眼泪鼻涕不要钱的往外流,一点没浪费的全留在了顾彦的蓝色大褂上。
边哭还边喊到:“呜呜呜,我之前都是在对面上学,呜呜呜,今天来看先生不在就去找他了,呜呜呜,我忘了要在这边上课,呜呜”
顾彦被哭的心烦,使劲抖着腿也没把吴仇甩开,再加上这么多学生看着,传出去以为他欺负这么小的孩子,只好作罢,说道:“好了好了,到后面坐下,以后注意点别记错了,快回去吧,松开,你还抹!”
废了好大的劲,吴仇才松开了手,眼中饱含泪水,委屈巴巴得说道:“谢谢顾师。
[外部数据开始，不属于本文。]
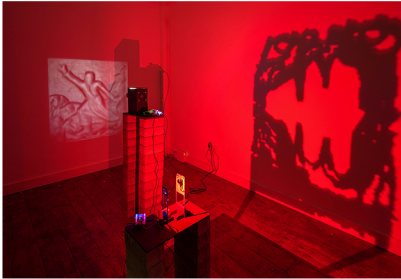
Anna Sandri '[...]lone swimmers in the surges grey' mixed media installatie, unieke projectoren, microcontrollers, bakstenen, hars- en kleireliefs.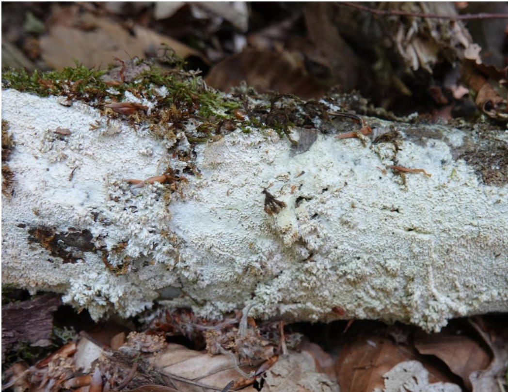
Schizopora paradoxa (Schrad.) Donk, 1967 Hymenochaetales - Schizoporaceae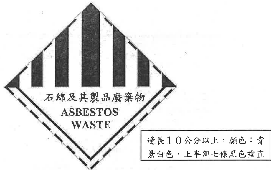
圖 2、有害事業廢棄物特性之標誌-石綿及其製品廢棄物

(三) 太空包外袋應標示事業名稱、廢棄物代碼 C-0701 (石綿及其製品廢棄物)、貯存日期、數量、成分及區別有害事業廢棄物特性標誌 (如圖 2)。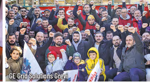
GE Grid Solutions Grevi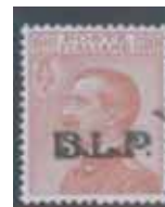
Esemplare nuovo da cent. 30 con soprastampa nera e macchia tipografica. (E)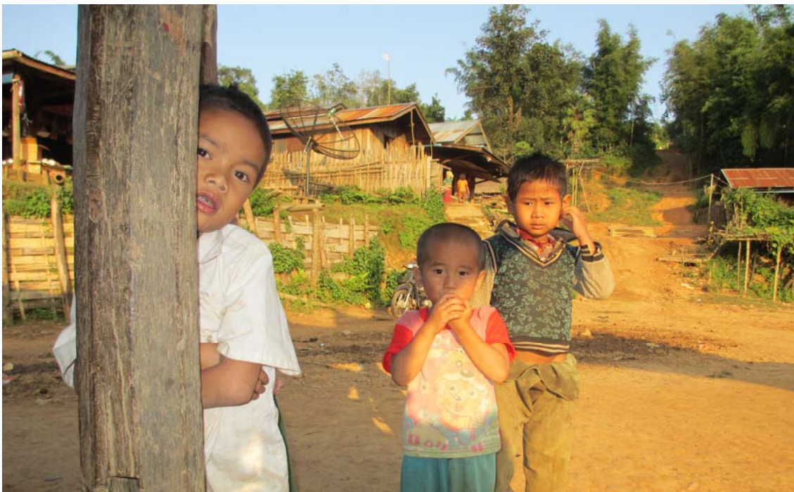
ပလောင်ဒေသရှိ ကလေးငယ်များ ပညာသင်ကြားခွင့် ဆုံးရှုံးနေပုံ။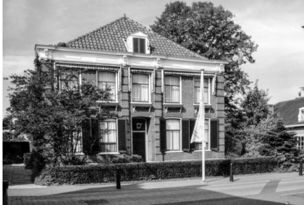
De in 1999 gesloopte dokterswoning

Hij liet ook een huis voor zijn vader bouwen tegenover zijn woning. Het pand waarin nu Pieters Restaurant is gevestigd.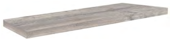
4823 - Angolo Gradone/Corner Step DX 20x120 / 8"x48" ▲ 194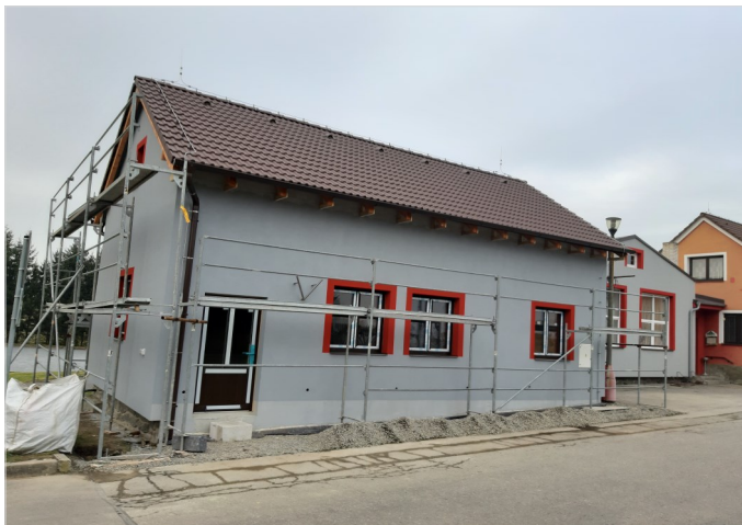
Zrekonstruovaná budova těsně před odstraněním lešení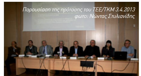
Παρουσίαση της πρότασης του ΤΕΕ/ΤΚΜ 3.4.2013

Για το ΜΕΤΡΟ το ΤΕΕ/ΤΚΜ επαναλαμβάνει το πάγιο αίτημα για προώθηση της ολοκλήρωσης της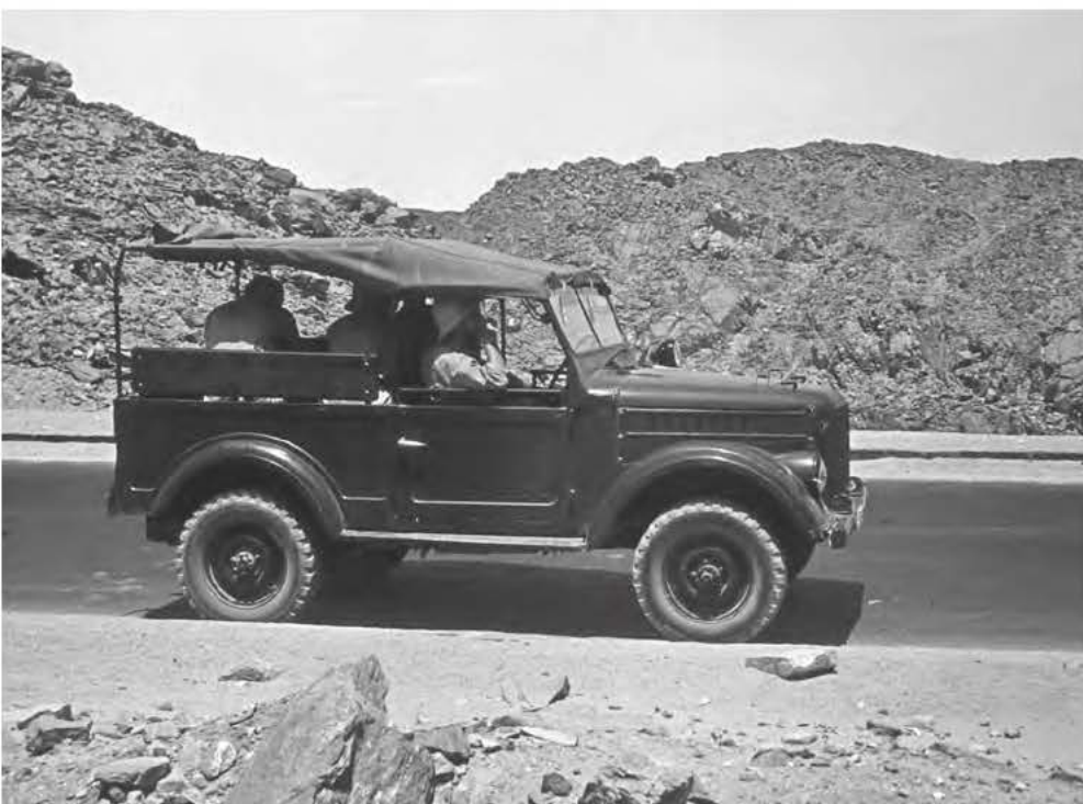
Obr. 4 Terénní vozidlo Čs. egyptologického ústavu

”就朝后面空位有去,边走还边朝同学做了个鬼脸,班上学生低声笑了起来。
顾彦听到动静,对吴仇的观感更加差了,但是又拿他没什么办法,只好拿戒尺打了打讲台,喊了声:“安静!继续上课。”
课堂又恢复了平静,顾彦重新拿起《论语》讲了起来,大周童生试只考论语,到了考秀才的时候考得多一些,因为和西方的频繁接触交流,所以百年前只读四书五经的模式早已被废除,需要考的东西还不少,不过这都是秀才以后的事了。
吴仇迷迷糊糊的过完了一个早上,听到顾彦说了声放堂,才突然清醒,背起挎包就朝门口跑去。
童生之前,只上半天的课,春夏下午上课,秋冬上午上课,现在正值秋季,所以下午是没有课的,家里有活干的学生都回家干活了,家里有矿,呸,有田的学生都去玩了,吴仇家没活也没田,所以决定去缠着王师。